US defunct rugby league club, based in Congers, New York

The New York Raiders were an American rugby league football team based in Congers, New York. The team played in the American National Rugby League (AMNRL) from 2002 to 2013, when the AMNRL folded its domestic competition.

The team originated as the Wilmington Vikings of Wilmington, Delaware, who joined the AMNRL as the league's first expansion team in 2002. Afterward the club experienced a series of moves and name changes; they relocated to New Jersey in 2003, becoming the New Jersey Vikings, then moved again after the season to upstate New York, taking the name Northern Raiders. In 2010 they adopted their current name. They made their first national playoff appearance in 2011 with the help of Dan Fullerton, Matt Vautin, Lesili Alovili, Rob Ploth, Phil Giuliano

==History==
The team joined the American National Rugby League in 2002 as the Wilmington Vikings, based in Wilmington, Delaware. The AMNRL's first real expansion team, they brought the number of member franchises up to six. Like the other AMNRL teams, they started a team partnership with a club in Australia's National Rugby League (NRL), in this case the Canberra Raiders. They played in Wilmington for one season before relocating to Gloucester County, New Jersey in December 2002, changing their name to the New Jersey Vikings. They hoped the move would help them draw talent from Gloucester County College to overcome the recruitment problems they had faced in Delaware. Physician Merrick Wetzler took over as owner.

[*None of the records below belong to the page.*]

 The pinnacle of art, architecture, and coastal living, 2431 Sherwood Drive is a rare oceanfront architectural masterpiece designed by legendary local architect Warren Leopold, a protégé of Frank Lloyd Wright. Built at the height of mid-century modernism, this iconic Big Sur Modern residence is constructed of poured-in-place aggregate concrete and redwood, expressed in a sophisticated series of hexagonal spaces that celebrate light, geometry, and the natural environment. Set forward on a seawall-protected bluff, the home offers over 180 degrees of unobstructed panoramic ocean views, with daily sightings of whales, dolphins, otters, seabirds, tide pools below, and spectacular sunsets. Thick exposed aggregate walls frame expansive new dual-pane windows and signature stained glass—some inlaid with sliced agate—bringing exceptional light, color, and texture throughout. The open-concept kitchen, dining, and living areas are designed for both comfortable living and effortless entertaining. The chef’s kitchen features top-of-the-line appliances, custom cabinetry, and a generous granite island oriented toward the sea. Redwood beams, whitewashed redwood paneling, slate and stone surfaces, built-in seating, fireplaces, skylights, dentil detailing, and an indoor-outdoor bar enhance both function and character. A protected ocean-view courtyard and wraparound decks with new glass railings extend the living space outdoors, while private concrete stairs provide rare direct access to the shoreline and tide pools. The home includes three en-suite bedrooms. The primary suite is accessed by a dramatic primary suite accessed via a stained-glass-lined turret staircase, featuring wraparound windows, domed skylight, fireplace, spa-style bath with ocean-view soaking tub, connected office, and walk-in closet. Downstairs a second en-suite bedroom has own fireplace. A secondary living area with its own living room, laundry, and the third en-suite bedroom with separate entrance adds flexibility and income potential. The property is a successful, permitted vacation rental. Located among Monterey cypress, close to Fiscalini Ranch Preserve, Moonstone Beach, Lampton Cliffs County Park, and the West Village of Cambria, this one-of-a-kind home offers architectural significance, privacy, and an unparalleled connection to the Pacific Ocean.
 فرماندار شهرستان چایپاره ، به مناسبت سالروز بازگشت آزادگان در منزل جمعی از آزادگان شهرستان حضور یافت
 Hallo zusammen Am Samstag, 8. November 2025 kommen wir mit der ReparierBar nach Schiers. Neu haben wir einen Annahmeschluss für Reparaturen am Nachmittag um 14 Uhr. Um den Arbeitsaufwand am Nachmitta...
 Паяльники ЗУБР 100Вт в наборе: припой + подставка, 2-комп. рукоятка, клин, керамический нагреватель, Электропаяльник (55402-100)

The move did not end the team's recruitment troubles, and following the 2003 season they relocated once more to upstate New York. In keeping with their partnership with the Canberra Raiders, they changed their name to the Northern Raiders. For the 2006 season they attempted to turn their losing record around, taking on Australian player-coach Ben Kelly; however, they just failed to qualify for the AMNRL playoff series. For a period they were based in Wallkill in Ulster County, New York, and play their home games at the Wallkill Airport Rugby Fields. In 2011 they relocated to Congers, New York and play in Rockland Lake State Park.

==Uniform and colors==
For their inaugural American National Rugby League season the club adopted the colors of white, green and black but the uniforms they wear are predominantly white they have kept this uniform till this day. They are also part of an affiliate partnership with Australian NRL club the Canberra Raiders.

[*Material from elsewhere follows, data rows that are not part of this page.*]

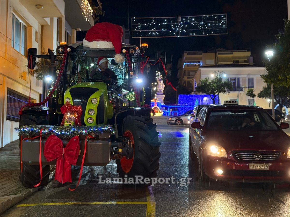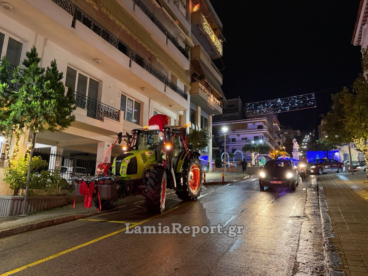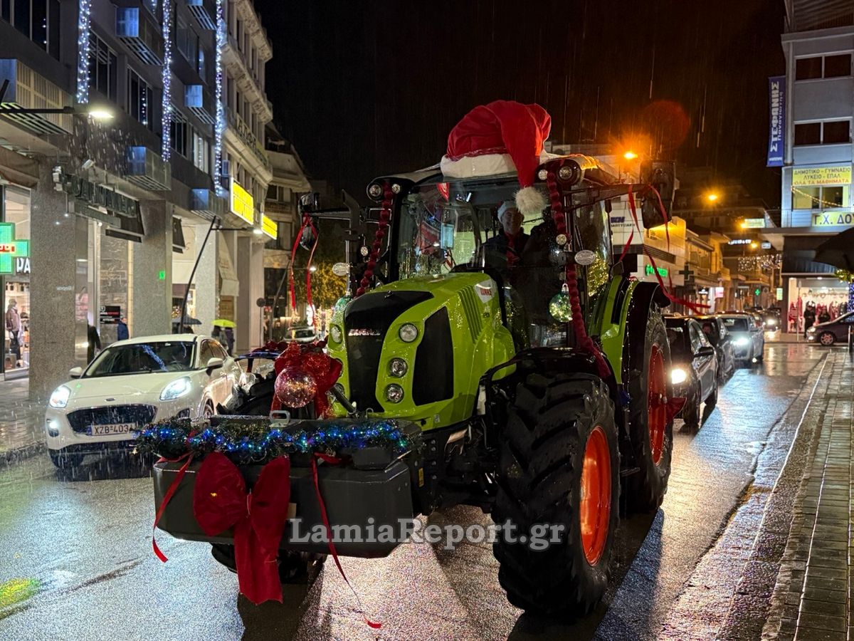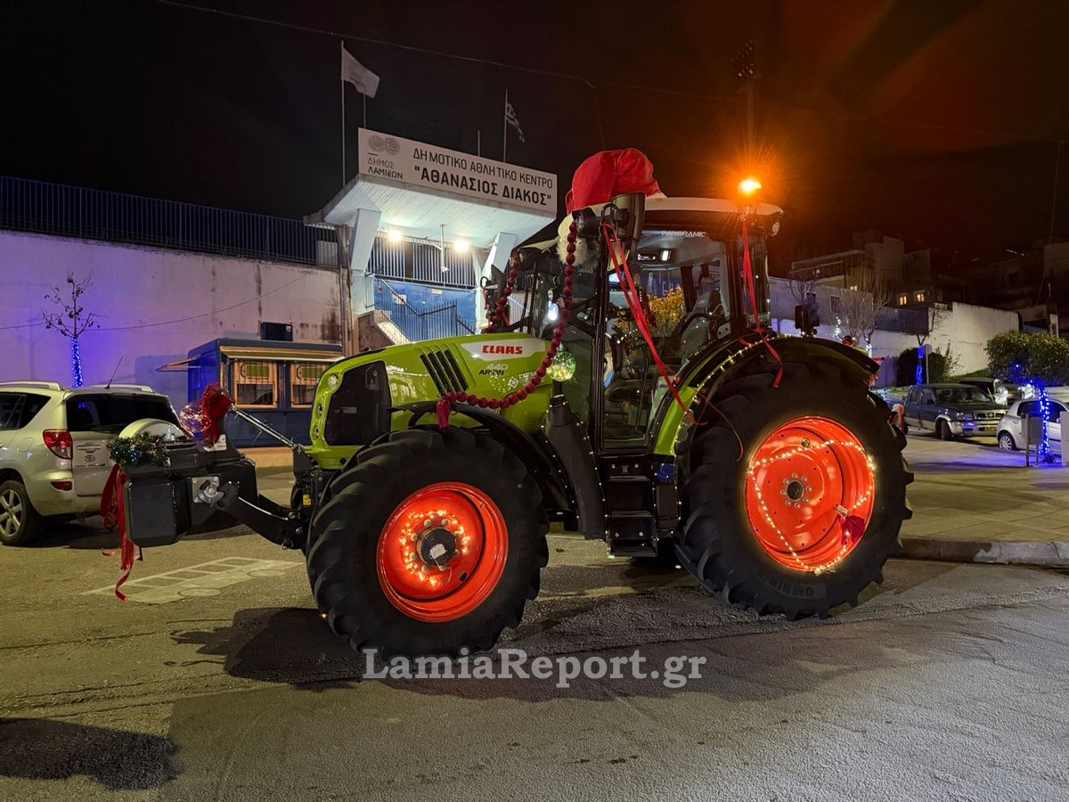 «Μπλόκο αγάπης» με στολισμένο τρακτέρ στη γιορτινή Λαμία (ΒΙΝΤΕΟ-ΦΩΤΟ)
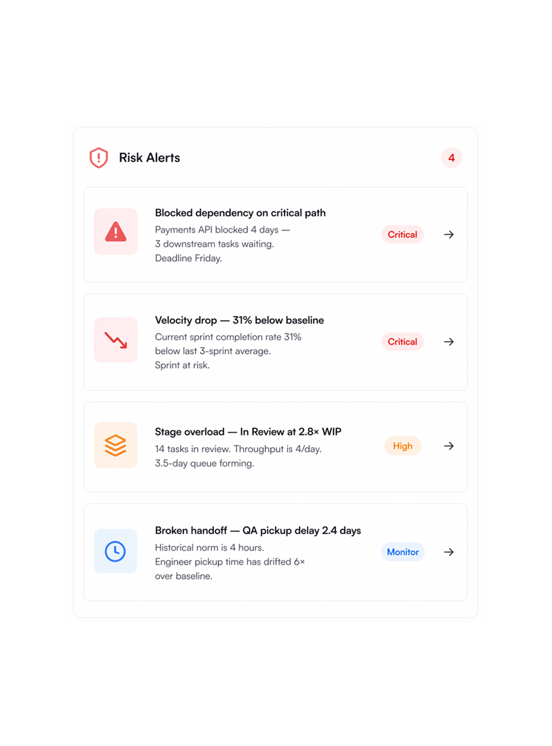 Blocked dependencies, velocity drops, single points of failure, stage overloads, stalled workflows, broken handoffs, overdue cascades, and completion prediction slips. Each alert names the specific task, person, or stage involved not a generic warning that something is wrong.
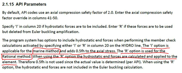 HYDRO卡第20选项I,R的具体设置方式应该如下图说明:当选择I时,杆件由于浮力产生的端部力需要通过规范推荐的0.5fh进行考虑,即这个时候浮力计算应该采用Marine 方法(该方法不涉及杆件端部力计算);当选择R 时,由浮力计算产生的杆件端部力应该被包含在杆件荷载中,即这个时候应该选择Rational 方法(该方法直接涉及杆件端部力计算)。
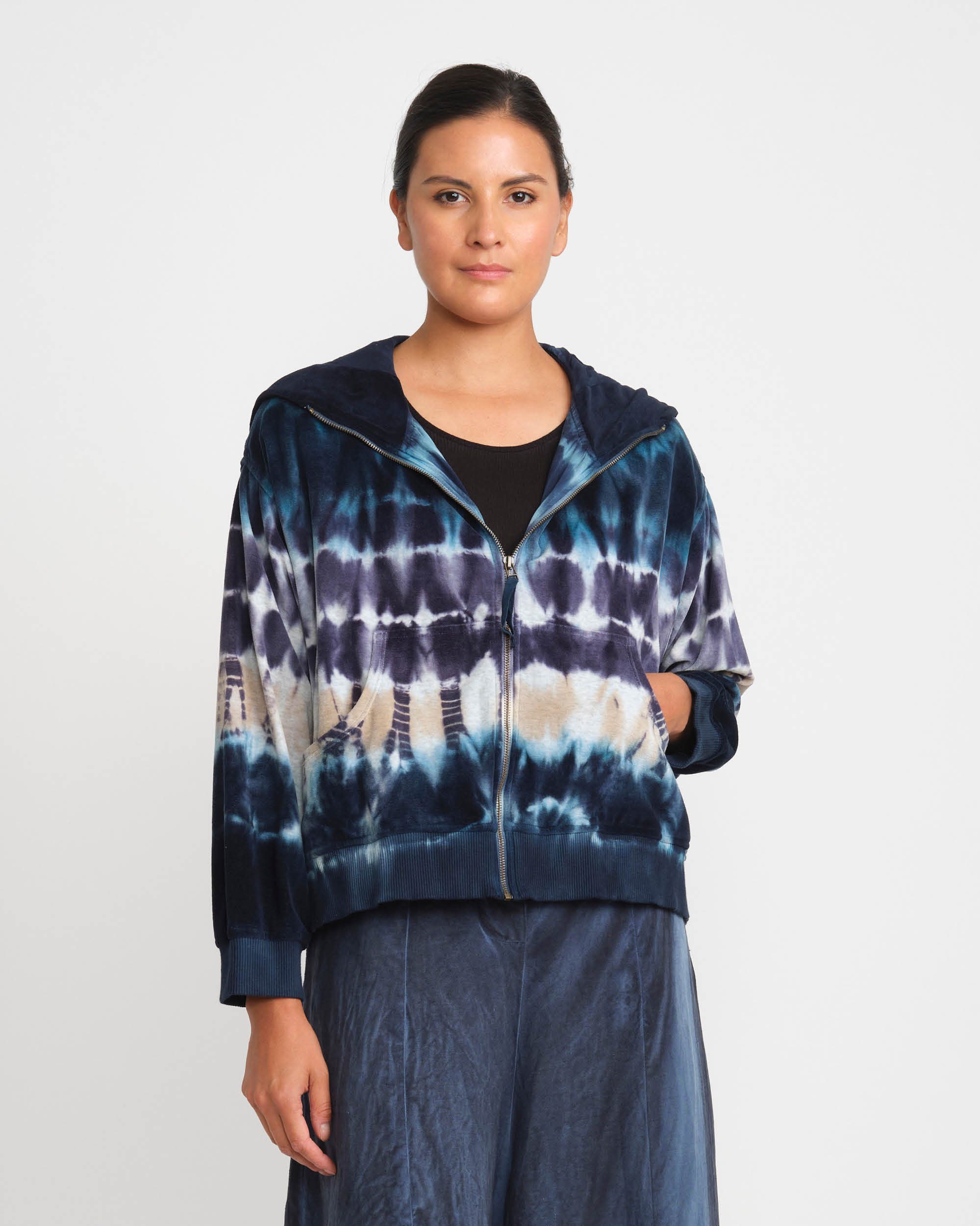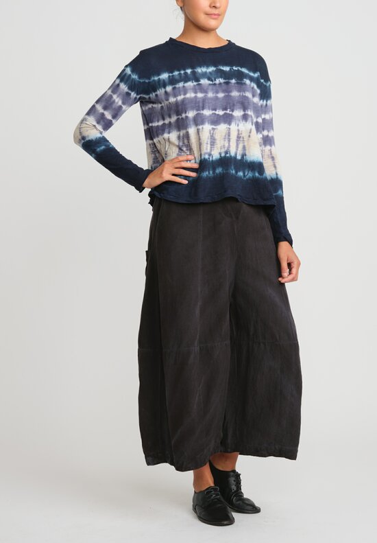 From the beeswax batik of Indonesia to Japanese shibori, Gilda collaborates with many diverse artisans to infuse her clothing with complex and rich colors. Gilda demonstrates astonishing creativity in her signature dyeing techniques, exploring the use of unconventional materials like coal, copper and gypsum as well as handwork methods including stamping and the use of foils in order to get the desired bold look of her mind’s eye.

In 2010, the club, along with other AMNRL teams, adopted a new badge, replacing the one that had been modeled after that of the Canberra Raiders.

New York Raiders - logos
Until 2010
Initially for 2010
2010–2013

==Honors==
- AMNRL Championship titles: 0

==Official sponsors==
As announced in 2008 the main shirt sponsor for the then Northern Raiders RLFC became online accommodation specialists Wotif.com.